Konstantin Ivanovich Kobets (; 16 July 1939 – 31 December 2012) was a Russian army general. In early 1991 he was serving as Deputy Chief of the Soviet General Staff for communications.

Biography 
Born in Kiev, Kobets supported then President of the RSFSR Boris Yeltsin during the August coup of 1991. From August 19 until September 9, 1991, Konstantin Kobets was Defense Minister of the RSFSR (albeit there was no ministry). This post was then abolished.

He was chair of the Russian Government's military reform committee in late 1991. In that position he developed a plan for the creation of the Commonwealth of Independent States Armed Forces.
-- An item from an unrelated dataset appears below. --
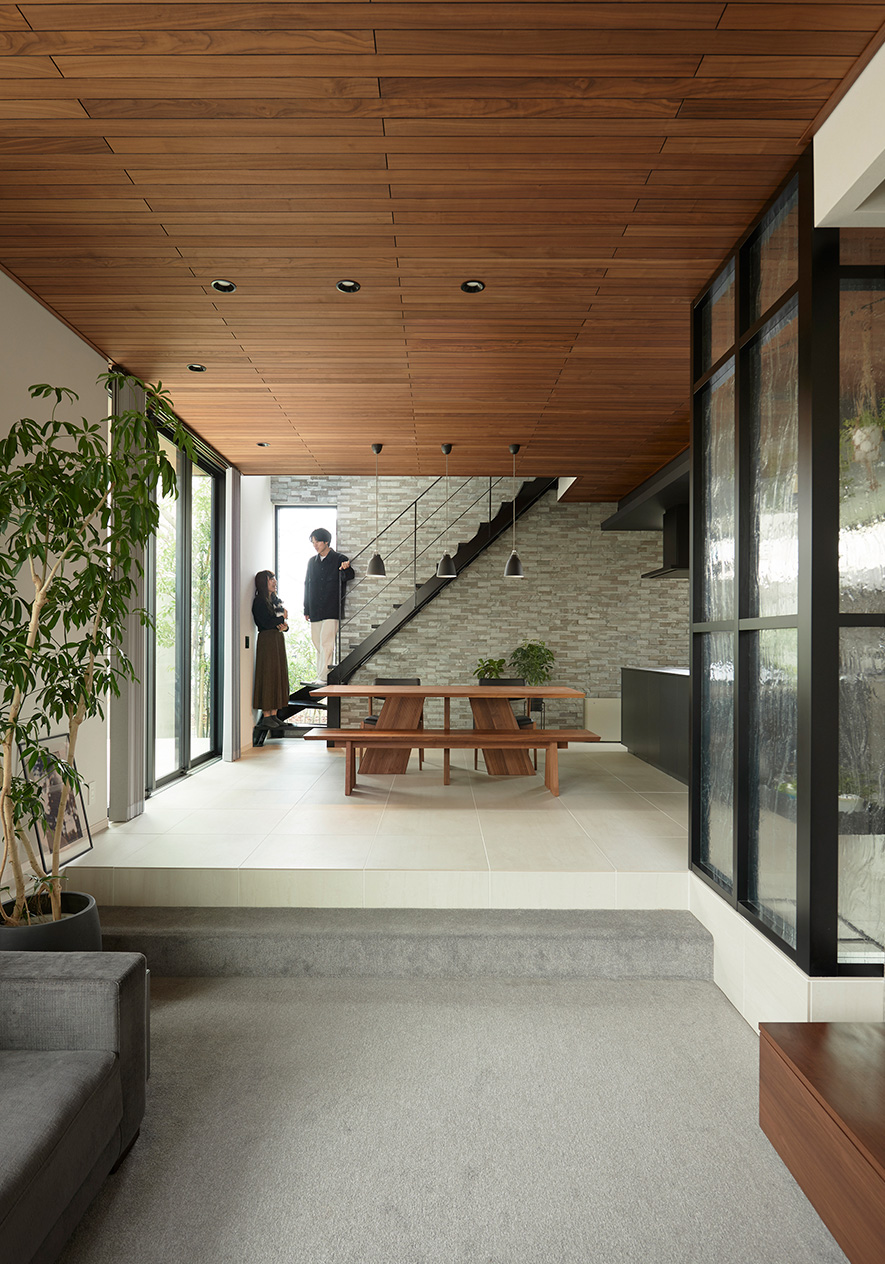 敷地に面した遊歩道と桜の眺望を生かすプランをご提案し、お喜びいただけました。デザインのポイントは「連続性」で、タイル貼りの床とテラスのつながり、板張り天井と軒天のつながり、グランフルサッシの連なりなど連続する美しさを大切にしています。また、「ライフミーティング」で以前のご自宅を拝見した際、お灑落な小物をお持ちだと知ったことで、キッチンに飾り棚をつくるなど、Kさまのセンスを活かす設計提案を心がけました。

This plan was presented to a council of defence officials of the Soviet republics on 26–27 December 1991. However it was not adopted by the meeting and was superseded in any case by the effective breakup of the former Soviet Armed Forces among the former republics of the Soviet Union.

From September 1992 Kobets was Chief Military Inspector of the Armed Forces of the Russian Federation, and from January 1995 he was Secretary of State - Deputy Minister of Defence of the Russian Federation.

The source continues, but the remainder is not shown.